Grammar, Participation, & Academic Integrity

A Note on Grammar

Proper grammar is a loaded topic. On the one hand, ideas of what constitutes proper grammar are often elitist, classist, misogynistic and queerphobic, and racist. On the other, wielding grammar fluently will help you enter into certain conversations and will help readers understand you. What is important to me is that you write in a way that gets your ideas across clearly and cogently, and also that you think about your audience as you write.

With all of that in mind, in your writing for this course, you should be careful to avoid fragments, run-ons, and passively-voiced phrases, all common errors that will obscure your meaning and make it seem as though you haven’t edited your work.

 

Participation

I define participation as any of the following: making comments and questions in class, attending office hours several times, emailing me questions and comments.

As you may have already experienced, discussion on the college level is in some ways very different from high school (at various points we may talk about why!) For my purposes, active participation means that you are making your intellectual presence known in the “room,” without dominating discussion or speaking over others. We really do all learn more when as many people as possible participate in the conversation.

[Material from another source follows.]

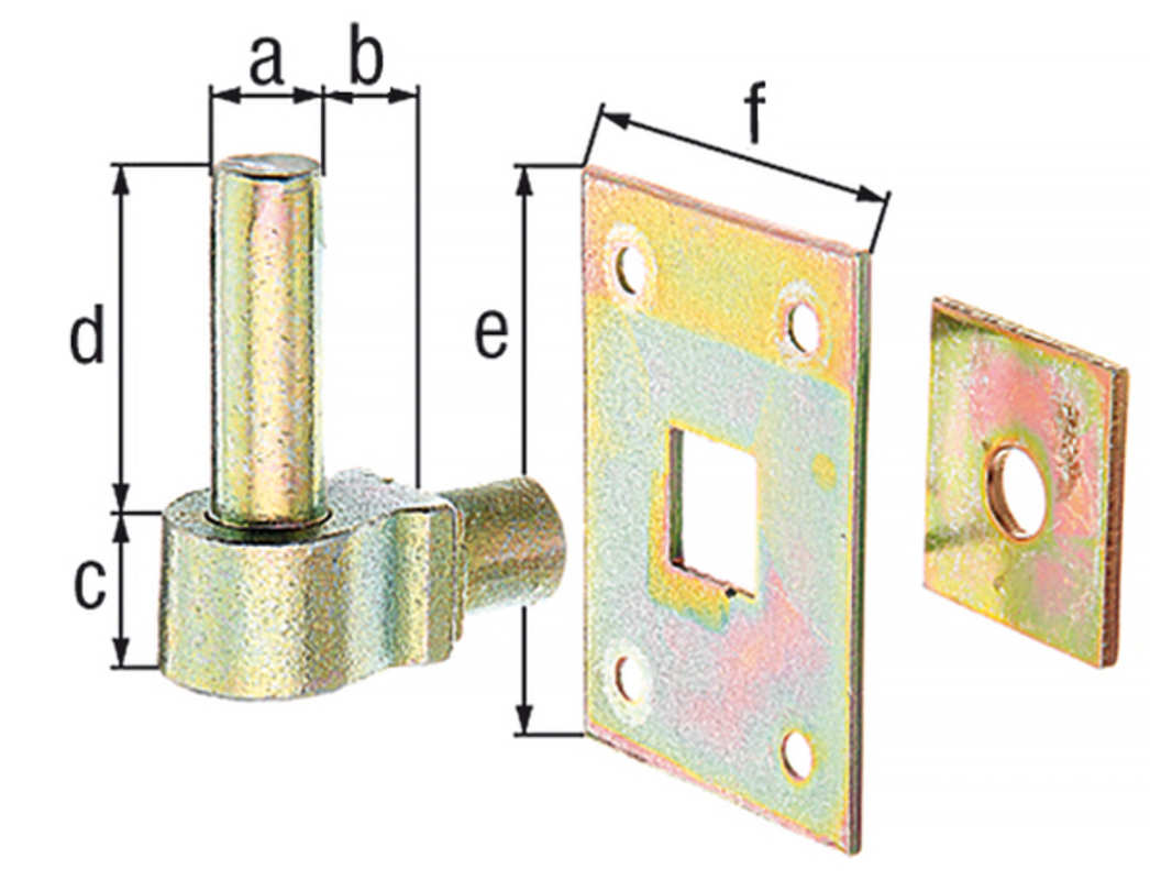 GAH Alberts Kloben; Ausführung: ohne Stütze; Material: Stahl; Oberfläche: galvanisch gelb verzinkt; Befestigungsart: zum Durchschrauben; Basis: Kloben; Form: kantig; Anzahl Schraublöcher: 4St.; Schraublochdurchmesser: 6,4mm; Schraublochausführung: Senkkopf; Material Haken: Stahl; Dornstärke: 20mm; Plattenbreite: 80mm; Durchmesser metrisches Gewinde: M16; Einsatzbereich: Ladenband; Farbe: gelb; Dornlänge: 60mm; Plattenhöhe: 110mm

If you have a question or observation about a reading, no matter how small, someone else is also likely to have it, and your comments are important to other people’s learning.

BUT we are a big class, and that makes hearing regularly from everyone a bit trickier. Please consider the chat just as valid a way to contribute to our discussions as speaking aloud. You are welcome to use it instead of speaking or in addition to. I find that online courses work best when there’s a vibrant interchange of ideas going on in speech and in chat!

 

Academic Integrity/Plagiarism

Academic integrity means properly citing the sources (people, texts, etc) that you used for an assignment. While public writing pieces don’t have all the traditional kinds of citation like a formal paper does, you should still cite your sources. It’s part of being an ethical member of an academic community, and it gives your reader somewhere to go if they want more information about/from that source. Here is CUNY’s Academic Integrity policy.

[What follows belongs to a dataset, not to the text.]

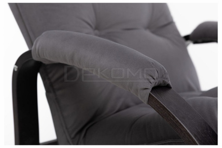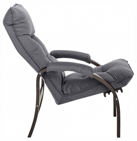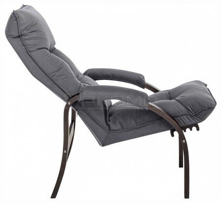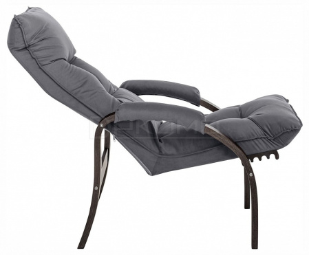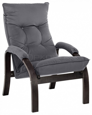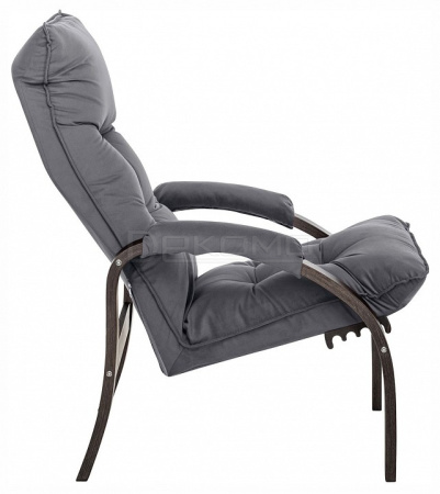 Мягкое кресло для отдыха дома и на даче Левада сделает комфортным интерьер комнаты модерн или хай-тек. Стильные кресла трансформеры из гнутоклееной коллекции мягкой мебели имеют характерный силуэт, функциональны и компактны, поэтому популярны. Кресло-стул с подлокотниками и уютным сиденьем уместно в спальне, гостиной, прихожей, на балконе, в закрытой дачной беседке. У основания кресло раскладное оснащено механизмом гребенка, за счет чего одним движением спинка переключается в 4 положения. Этим модель напоминает шезлонг, но Левада -полноценное интерьерное кресло для отдыха: современный дизайн, изящный деревянный каркас под итальянским лаком, велюровый чехол, наполнитель из эластичного пенополиуретана. Накладки на подлокотниках снимаются для чистки, приспинная подушка декорирована пуговицами. Эргономичное каркасное кресло раскладушка выдержит до 120 кг.

Plagiarism—the use of someone else’s ideas without proper attribution—is essentially the opposite, and it is a serious academic offense, and I have a zero tolerance policy. If you use someone’s work without quotation marks (for exact words) and without both in-text citation in MLA or Chicago style and Works Cited, you will automatically fail the assignment, and potentially the course. We will do a workshop in class this term on how to cite things in public writing.